- EXERCISE DESCRIPTION
In the entries below, begin at the line that has "WERA 05073593001 ชุดประแจหกเหลี่ยมหัวบอล" and stop after the line that has "Morphology cannot reliably"; output those lines exactly, leaving out pictures.

- ENTRIES SHOWN
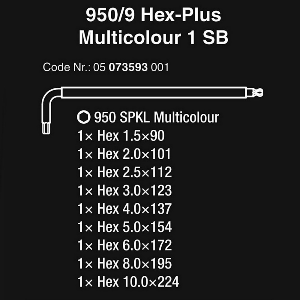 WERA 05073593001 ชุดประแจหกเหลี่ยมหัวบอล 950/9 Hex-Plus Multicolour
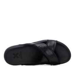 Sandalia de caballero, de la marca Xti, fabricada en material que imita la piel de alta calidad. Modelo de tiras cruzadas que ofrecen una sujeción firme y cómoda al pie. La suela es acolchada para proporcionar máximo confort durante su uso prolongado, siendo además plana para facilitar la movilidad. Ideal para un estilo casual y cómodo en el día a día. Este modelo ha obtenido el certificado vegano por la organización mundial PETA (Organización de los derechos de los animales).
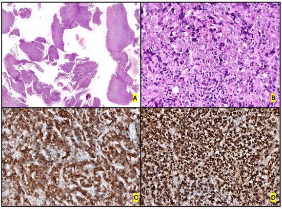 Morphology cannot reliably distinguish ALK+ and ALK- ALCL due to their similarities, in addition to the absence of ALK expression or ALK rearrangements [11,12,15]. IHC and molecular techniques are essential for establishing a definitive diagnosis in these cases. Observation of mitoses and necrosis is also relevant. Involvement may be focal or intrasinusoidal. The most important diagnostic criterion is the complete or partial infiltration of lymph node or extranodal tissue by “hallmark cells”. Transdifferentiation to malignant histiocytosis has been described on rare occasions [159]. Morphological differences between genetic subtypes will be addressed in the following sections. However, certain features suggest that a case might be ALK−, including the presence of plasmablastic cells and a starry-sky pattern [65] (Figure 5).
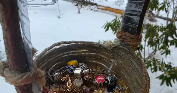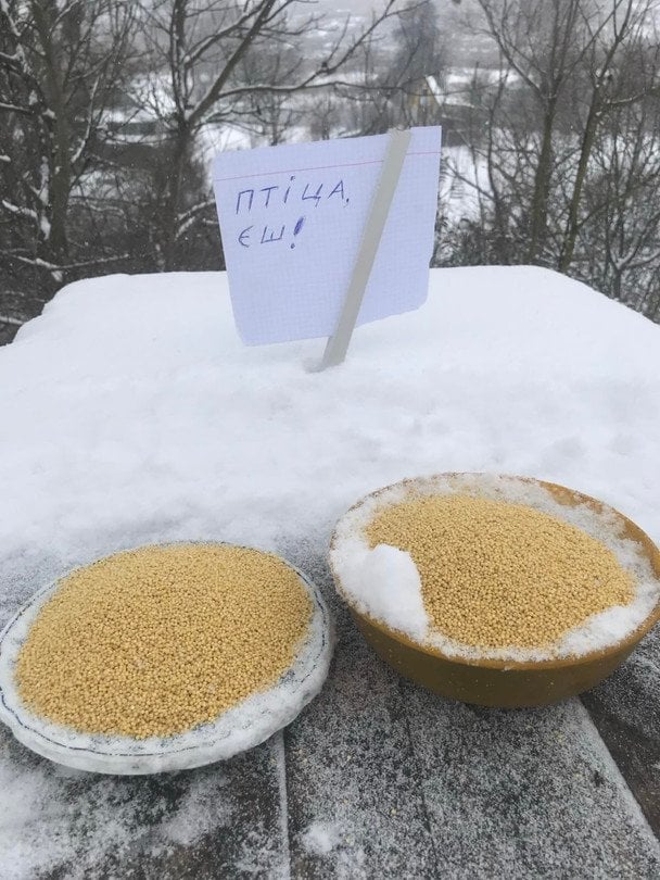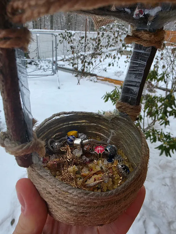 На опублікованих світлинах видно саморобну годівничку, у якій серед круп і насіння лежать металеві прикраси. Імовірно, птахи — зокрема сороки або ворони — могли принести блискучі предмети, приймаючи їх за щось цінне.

* * *

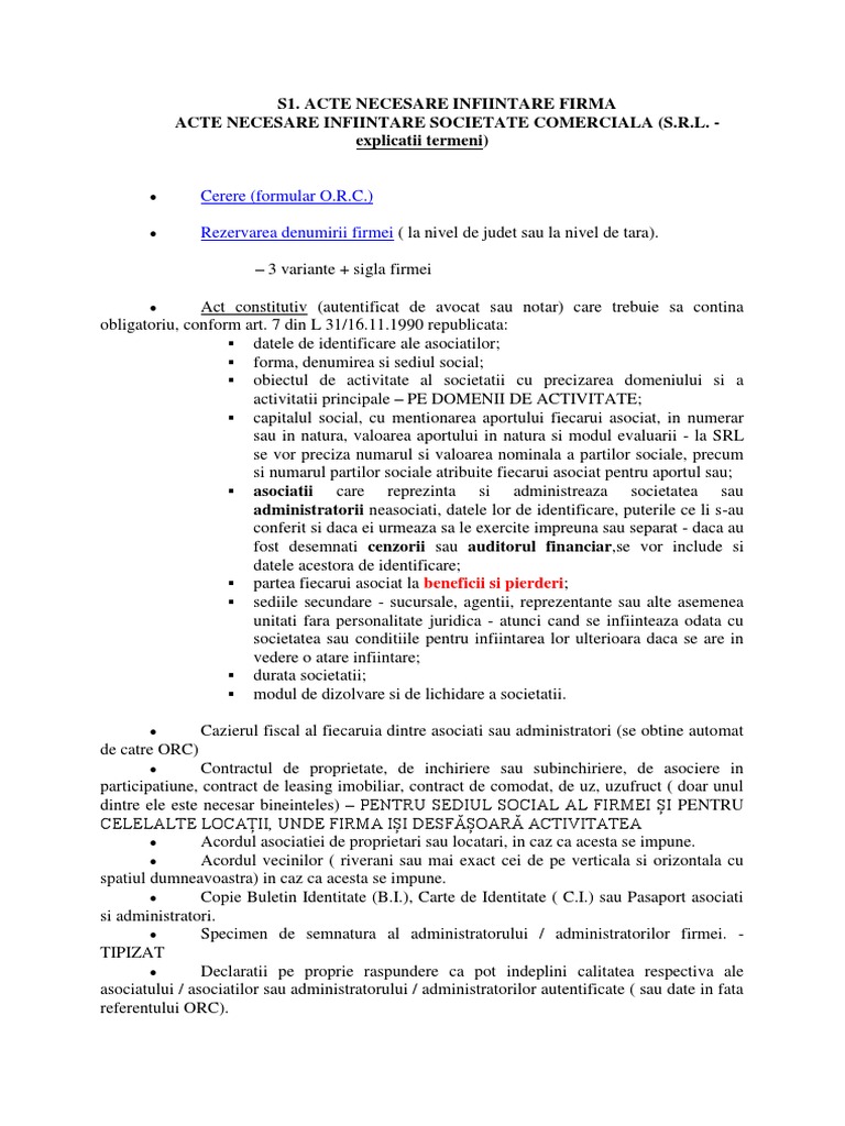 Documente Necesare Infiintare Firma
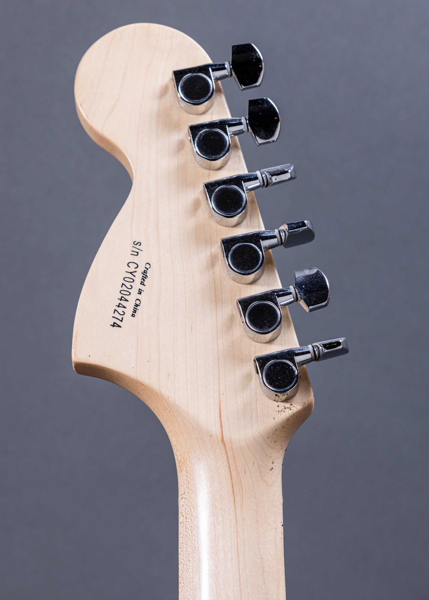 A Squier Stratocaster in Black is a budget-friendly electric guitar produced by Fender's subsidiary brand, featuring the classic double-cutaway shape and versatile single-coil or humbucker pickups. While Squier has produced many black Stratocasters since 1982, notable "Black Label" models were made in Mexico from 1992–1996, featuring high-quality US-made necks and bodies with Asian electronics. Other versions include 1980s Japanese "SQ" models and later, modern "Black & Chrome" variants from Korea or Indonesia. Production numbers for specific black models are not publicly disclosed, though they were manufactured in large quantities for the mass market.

- THE ANSWER
 WERA 05073593001 ชุดประแจหกเหลี่ยมหัวบอล 950/9 Hex-Plus Multicolour
 Sandalia de caballero, de la marca Xti, fabricada en material que imita la piel de alta calidad. Modelo de tiras cruzadas que ofrecen una sujeción firme y cómoda al pie. La suela es acolchada para proporcionar máximo confort durante su uso prolongado, siendo además plana para facilitar la movilidad. Ideal para un estilo casual y cómodo en el día a día. Este modelo ha obtenido el certificado vegano por la organización mundial PETA (Organización de los derechos de los animales).
 Morphology cannot reliably distinguish ALK+ and ALK- ALCL due to their similarities, in addition to the absence of ALK expression or ALK rearrangements [11,12,15]. IHC and molecular techniques are essential for establishing a definitive diagnosis in these cases. Observation of mitoses and necrosis is also relevant. Involvement may be focal or intrasinusoidal. The most important diagnostic criterion is the complete or partial infiltration of lymph node or extranodal tissue by “hallmark cells”. Transdifferentiation to malignant histiocytosis has been described on rare occasions [159]. Morphological differences between genetic subtypes will be addressed in the following sections. However, certain features suggest that a case might be ALK−, including the presence of plasmablastic cells and a starry-sky pattern [65] (Figure 5).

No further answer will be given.